• [YOUR OBJECTIVE] I need every line from the start of the material below up to and including the line containing "Түркістан облысының спортшылары", restated exactly, with the pictures omitted.

*** GIVEN MATERIAL ***

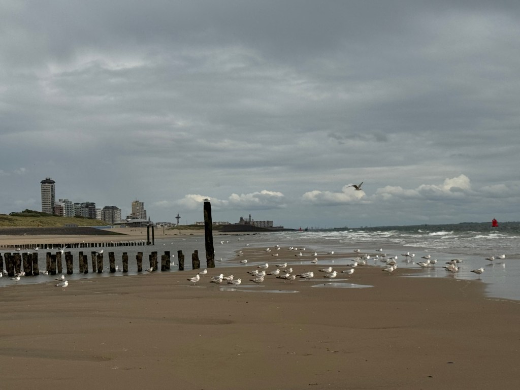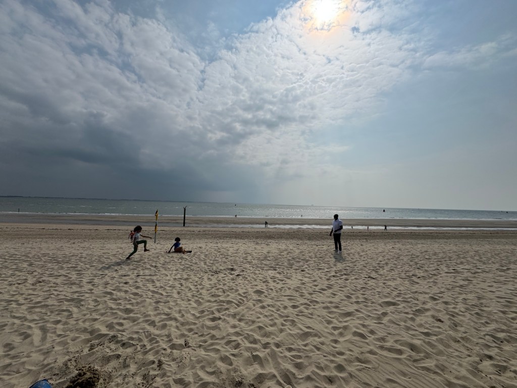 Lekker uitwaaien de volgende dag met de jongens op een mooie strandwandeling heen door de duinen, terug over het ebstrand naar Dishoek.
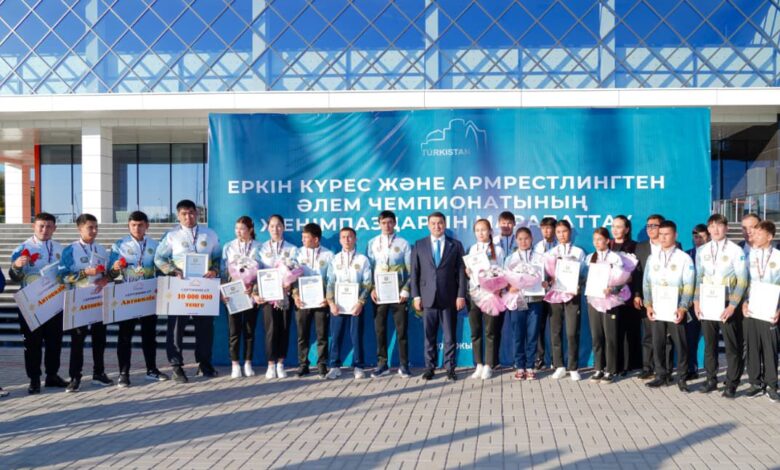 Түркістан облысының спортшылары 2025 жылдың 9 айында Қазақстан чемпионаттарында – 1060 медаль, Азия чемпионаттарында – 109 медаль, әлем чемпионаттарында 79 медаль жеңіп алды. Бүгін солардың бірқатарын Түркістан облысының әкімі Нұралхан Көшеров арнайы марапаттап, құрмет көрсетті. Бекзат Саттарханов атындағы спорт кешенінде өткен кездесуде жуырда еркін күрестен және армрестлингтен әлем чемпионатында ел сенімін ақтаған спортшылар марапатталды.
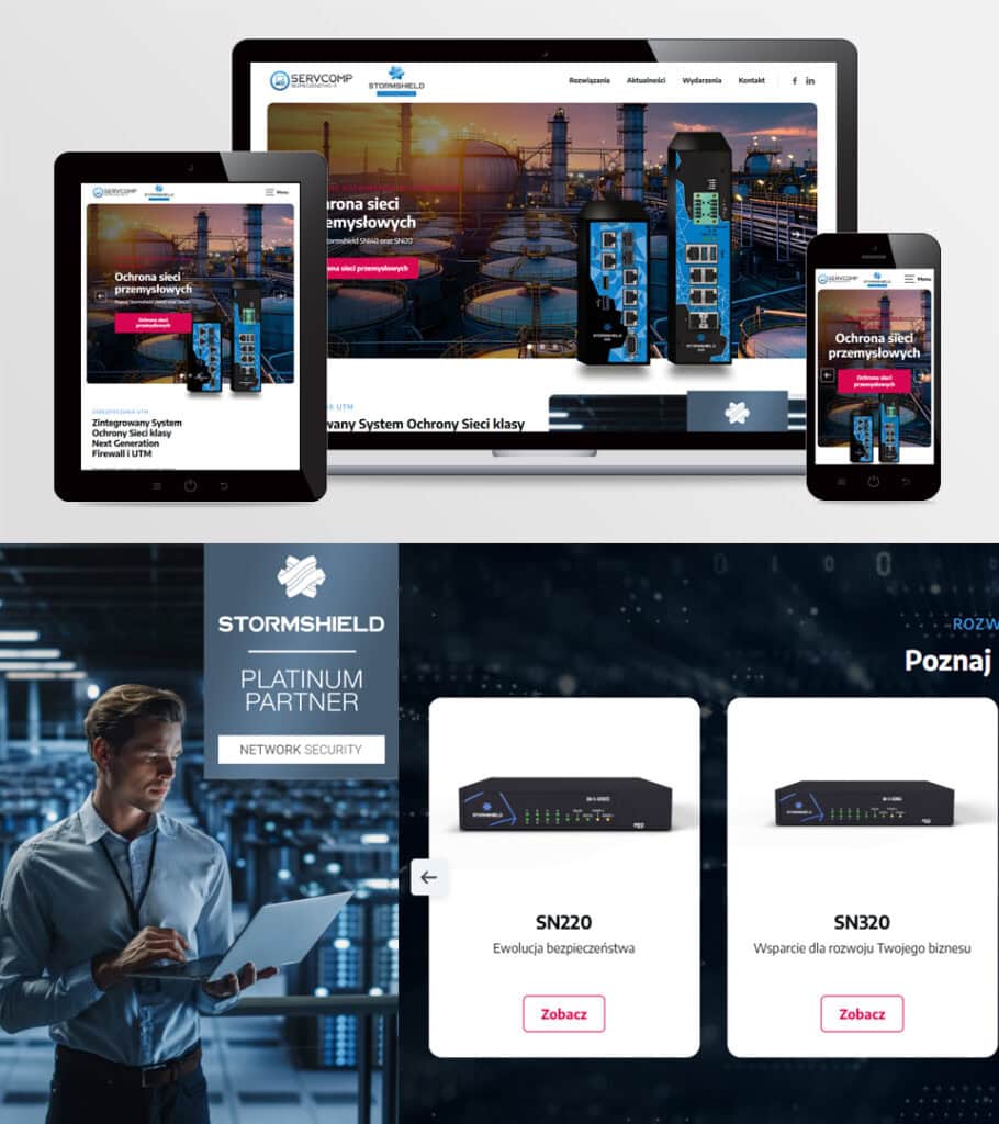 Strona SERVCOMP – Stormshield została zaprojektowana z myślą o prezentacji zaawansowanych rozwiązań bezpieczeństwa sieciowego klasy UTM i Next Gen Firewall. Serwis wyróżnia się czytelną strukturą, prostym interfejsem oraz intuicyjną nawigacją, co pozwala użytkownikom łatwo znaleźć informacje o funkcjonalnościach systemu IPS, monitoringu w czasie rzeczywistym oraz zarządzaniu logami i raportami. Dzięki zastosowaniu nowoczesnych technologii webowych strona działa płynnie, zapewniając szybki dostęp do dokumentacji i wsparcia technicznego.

*** End of GIVEN MATERIAL ***

• [RESPONSE BOX]
 Lekker uitwaaien de volgende dag met de jongens op een mooie strandwandeling heen door de duinen, terug over het ebstrand naar Dishoek.
 Түркістан облысының спортшылары 2025 жылдың 9 айында Қазақстан чемпионаттарында – 1060 медаль, Азия чемпионаттарында – 109 медаль, әлем чемпионаттарында 79 медаль жеңіп алды. Бүгін солардың бірқатарын Түркістан облысының әкімі Нұралхан Көшеров арнайы марапаттап, құрмет көрсетті. Бекзат Саттарханов атындағы спорт кешенінде өткен кездесуде жуырда еркін күрестен және армрестлингтен әлем чемпионатында ел сенімін ақтаған спортшылар марапатталды.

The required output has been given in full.